Rachel Wyse presents live GAA on Sky Sports throughout the summer. Coverage on Sky continues next Saturday

Irish women who forged media careers abroad

Laura Whitmore

Laura Whitmore

Laura rose through the ranks at blinding speed, from a Newstalk internship to MTV, to ITV, all in a few short years.

Bray-born Laura studied at the Leinster School of Music and Drama as a teenager and landed in MTV in 2008, after winning an open competition for a presenting role.

She carried the Olympic Torch in London in 2012 and last year was a celebrity contestant on the BBC's 2016 series of Strictly Come Dancing.

She's been linked to Game Of Thrones star Richard Madden and Danny O'Reilly from The Coronas. She lives in Camden, London.

Orla Guerin

BBC's Orla Guerin

After starting out in print journalism, Orla, from Dublin, made a career as RTE's youngest-ever foreign correspondent - she was sent to Eastern Europe when she was just 23.

She left RTE to run for the Labour party but did not win a seat.

She then joined the BBC and forged an international reputation with her incredibly evocative war pieces.

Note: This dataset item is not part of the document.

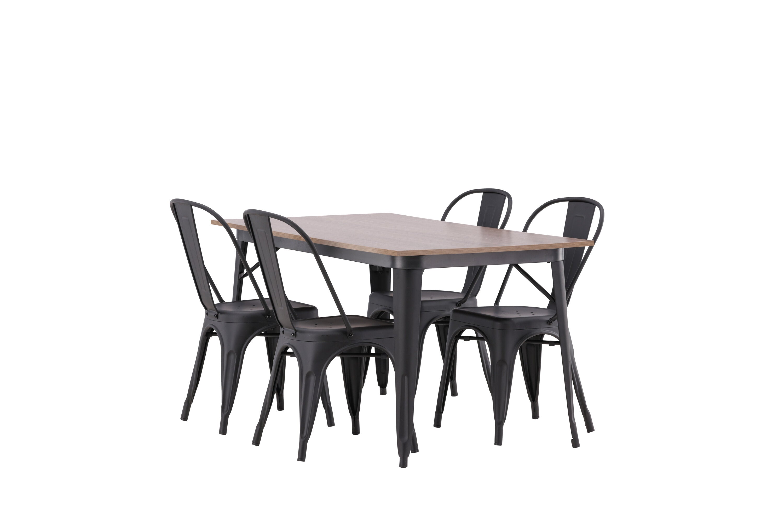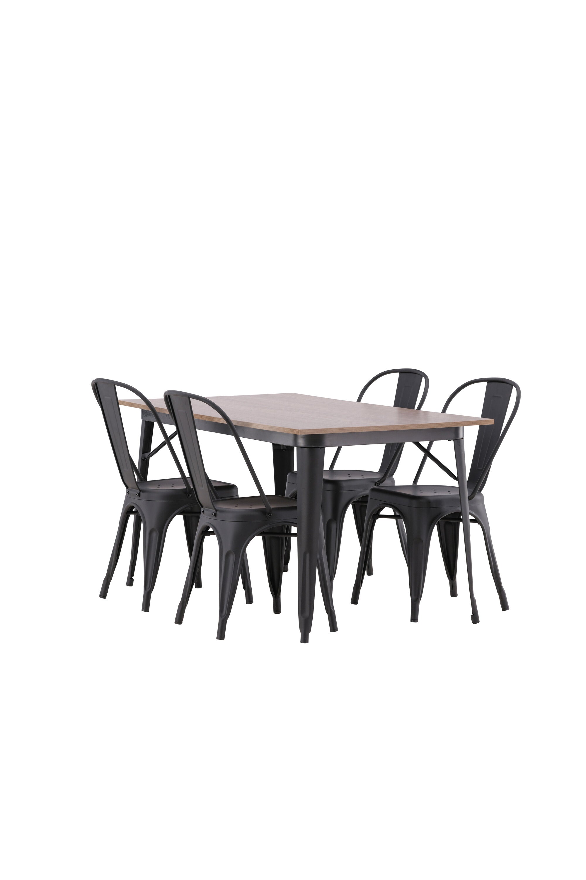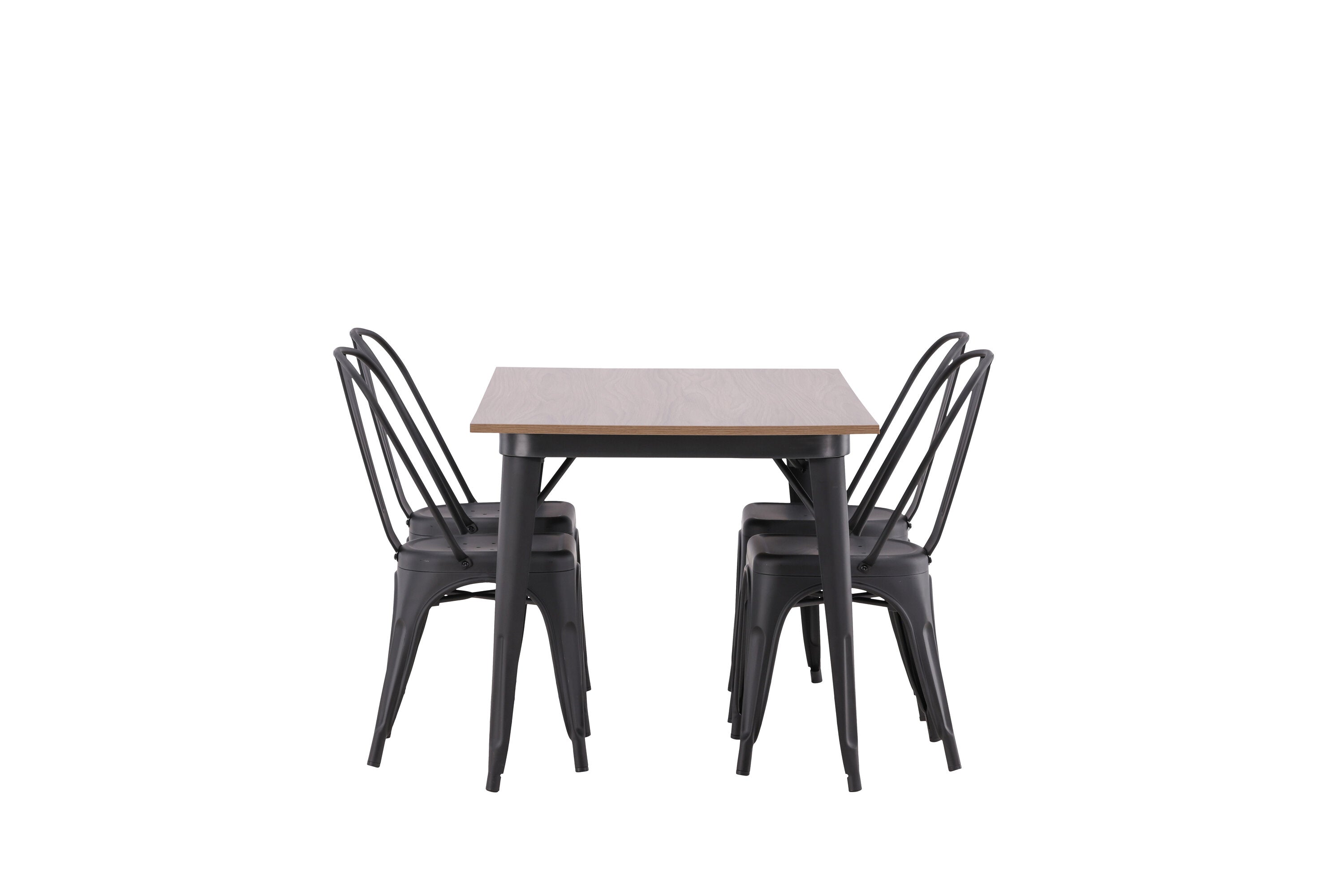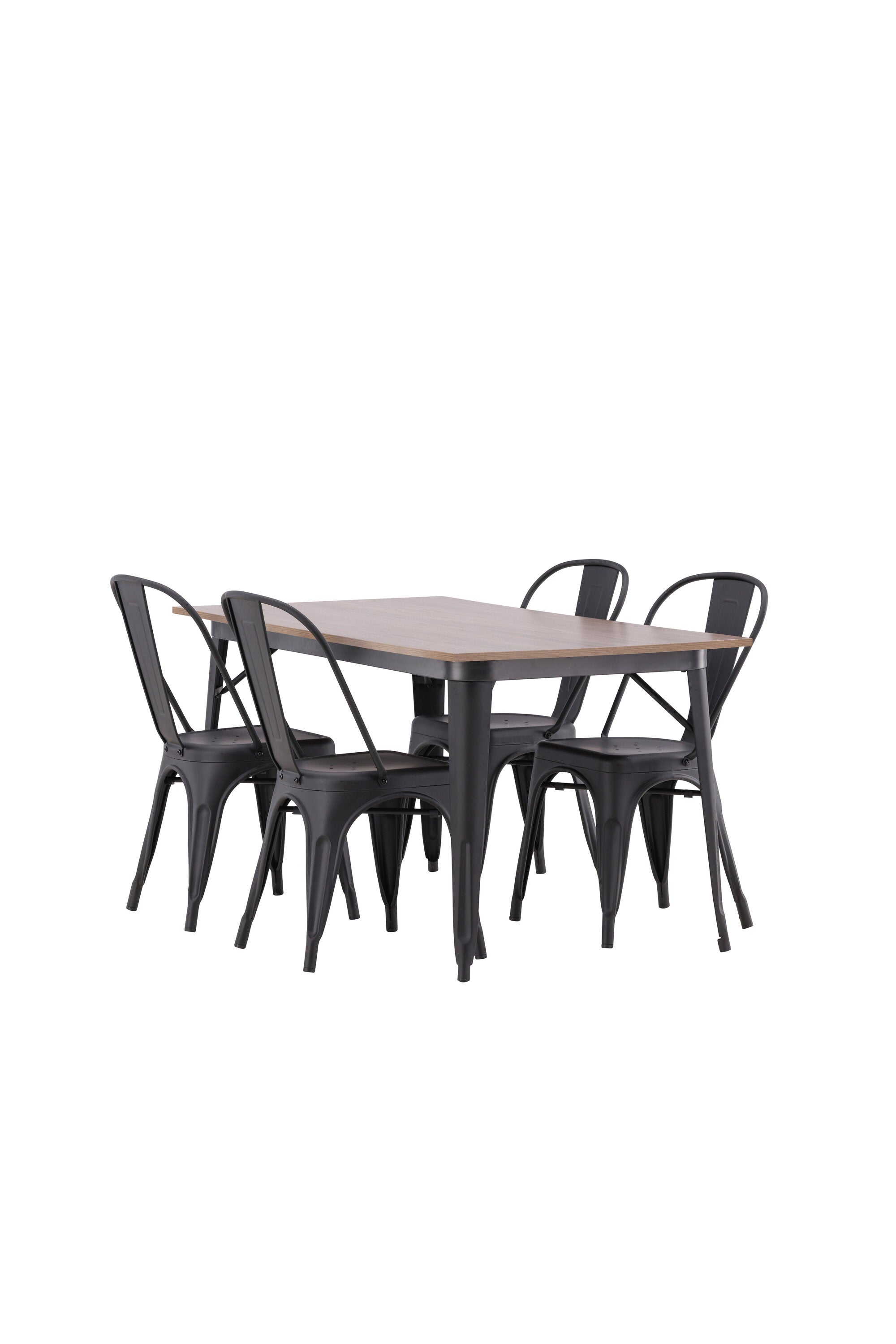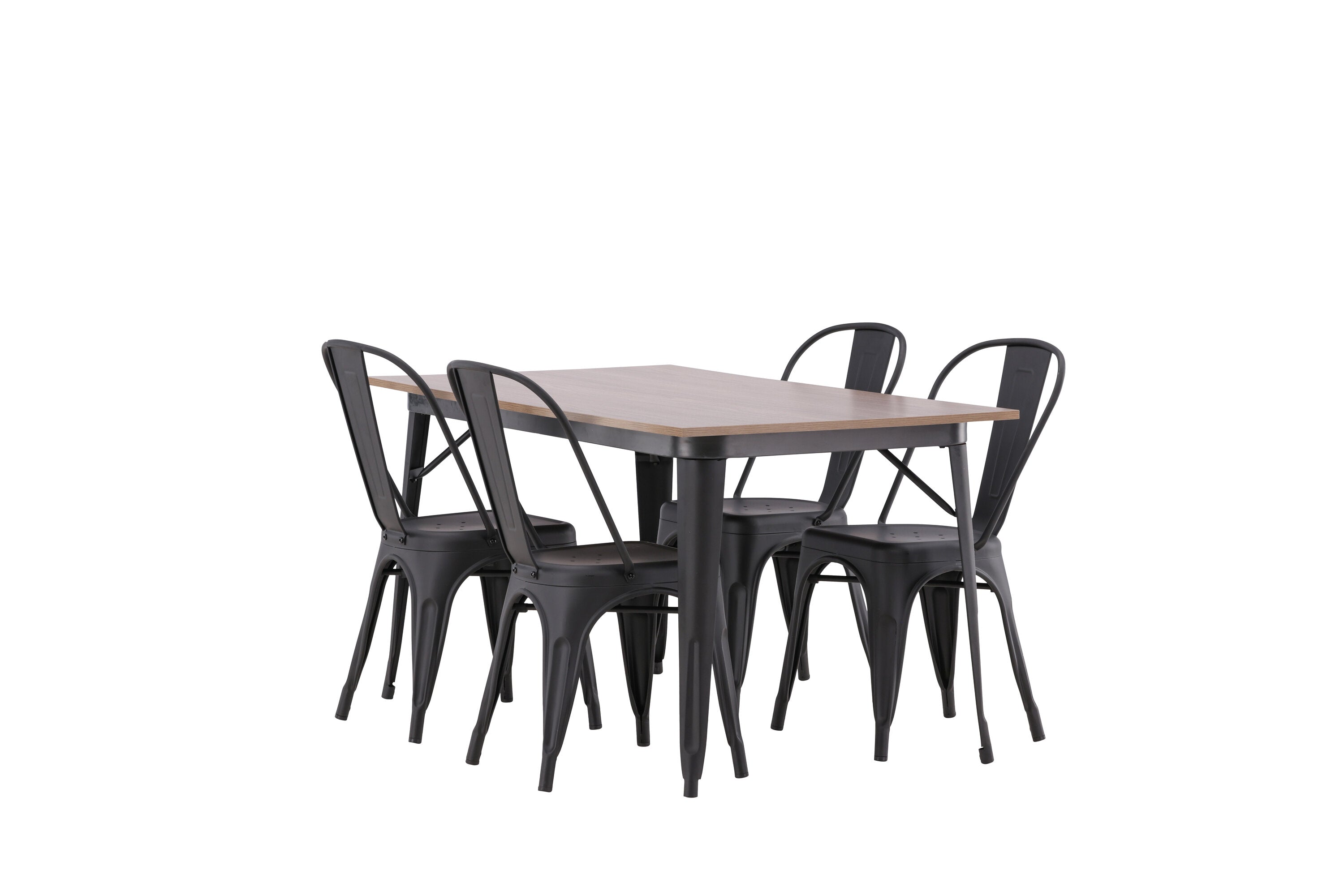 Jídelní stůl Tempe - Černá / Ořech MDF + Jídelní židle Tempe - Matná černá / Kov _4

A decade after arriving in London, she was awarded an MBE.

Ruth O'Neill

Ruth O'Neill

Castleknock woman Ruth worked in Los Angeles from 2010 to 2015, where she gained experience as an associate producer for ABC News and as a reporter for E! News and E! Online.

In 2015, she moved back to Ireland, but after nothing really took off for her here, she decided to make the move to New York city.

The blonde beauty was about to leave for New York when she got a call from Xpose asking to cover maternity leave for six months - she rejected the offer and moved to New York.

But, while she was over there, TV3 came knocking again and she decided it was too good of an opportunity to turn down, so she returned home to host TV3's Xpose.

She most recently said that this was a mistake, as she missed her friends in the States so much. She now has her sights set on working in London.